この研究は、岡山大学学術研究院環境生命科学学域の宮竹貴久教授、東京農業大学生物資源ゲノム解析センターの田中啓介助教、玉川大学農学部の佐々木謙教授らの共同によるもの。

岡山大学大学院環境生命科学研究科昆虫生態学研究室では、21年間にわたり、少しでも刺激を与えると死んだふりを長く続ける系統と、刺激を与えても死んだふりをしない系統の甲虫コクヌストモドキを20世代以上飼育してきた。これらの甲虫のRNAを抽出して遺伝子解析を行ったところ、脳内で発現するドーパミンの量や、体内時計、寿命関連遺伝子、カフェイン代謝系、酸化還元酵素など、生物が生きてゆくうえでタイミングを決める遺伝子群が、死んだふりをするしないの違いに関与していることがわかった。

生物の生存戦略、防衛戦略、繁殖戦略の鍵を握るのは「動き」だが、「動かない」というのも戦略のひとつだと研究グループは話す。この、動くか動かないかの行動のゲノムレベルの解析は、「人の挙動が生き残りるうえでどのように役立ってきたか」を示唆するものだという。今後は医療へのつながりも期待できるとしている。

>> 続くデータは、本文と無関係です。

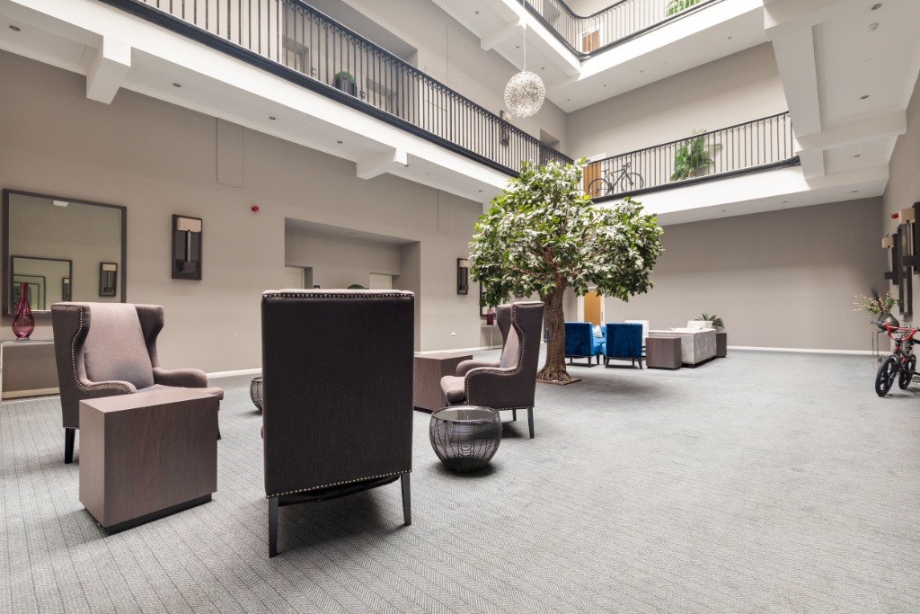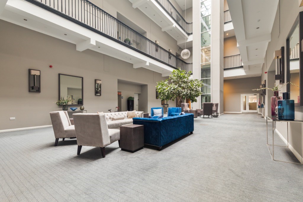 The property enjoys access to beautifully landscaped communal grounds, an allocated parking space within the residents’ car park and an impressive communal entrance with generous seating area. Residents benefit from lift and stair access to all floors and a stunning central atrium providing superb natural light through a grand skylight.

これがどう医療につながるのか、素人にはピンと来ないが、宮竹教授は、こうしたことを突き詰めて解明すると、人類にとって新しい知識がひとつ増え、「いつかは人の暮らしの役に立つこともある」と話す。「大切なのは面白がって調べること。それは人生を豊かにしてくれる秘訣でもある」ということだ。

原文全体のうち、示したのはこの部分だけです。